Although many community-based organizations offer supportive services for patients with dementia and their families, no comprehensive programs have existed to meet patients' health needs and the needs of those around them. "Families need help with the everyday care, the daily problems experienced by people living with this disorder," says David Reuben, M.D., chief of the Division of Geriatrics. Now there is assistance for those families. Earlier this year, the UCLA Alzheimer's and Dementia Care Program was launched, with a mission to provide comprehensive, coordinated care, as well as resources and support to patients and their caregivers.

UCLA physicians can directly refer patients to the program, and all patients who are enrolled will be entered into a dementia registry. Program personnel will then contact patients in the registry to conduct a needs assessment of each patient, looking at medical, social and family needs and what resources are available to the family. Based on that assessment, an individualized care plan will be developed.

Care plans could include consultations with neurology, psychiatry and geriatrics staff; monitoring for disease progression and complications; participation in support groups; advanced-care planning, with consultations from the UCLA Ethics Center; hospitalization, when necessary, for medical, psychiatric or behavioral problems; referrals to appropriate clinical trials at UCLA's Mary S. Easton Center for Alzheimer's Disease Research; referrals, where appropriate, to community-based organizations for services; and in-home visits, if needed, for modifications of the patient's physical home environment.

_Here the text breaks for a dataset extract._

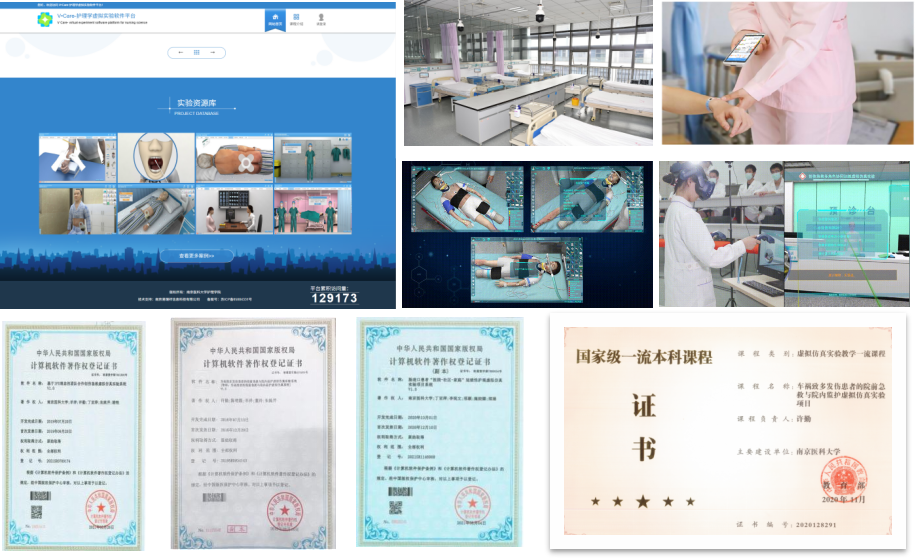 多年来,我院致力于护理教育信息化改革,在虚拟仿真教学硬件环境管理平台和教学资源等方面均取得一定成效。2020年,车祸致多发伤患者的院前急救与院内监护入选首批国家级虚拟仿真实验教学一流本科课程;2022年,创伤急救多角色协同训练入选江苏省首批虚拟仿真实验教学一流本科课程。本次认定是V·Care护理学虚拟仿真实验室收获的又一阶段性成果。

Each patient will also be assigned a nurse practitioner for intensive dementia-care management. The dementia-care manager, or someone covering for that individual during off hours, will be available 24 hours a day, seven days a week, for in-person and telephone assistance. Patients will still receive care from their primary-care physicians, who will be assisted by the program staff.

"This program isn't so much about physician expertise," says Dr. Reuben. "What we're adding to the traditional care of dementia patients are the things that physicians haven't had time to do or haven't done well - coordinating care and ensuring that all of the family's needs are addressed."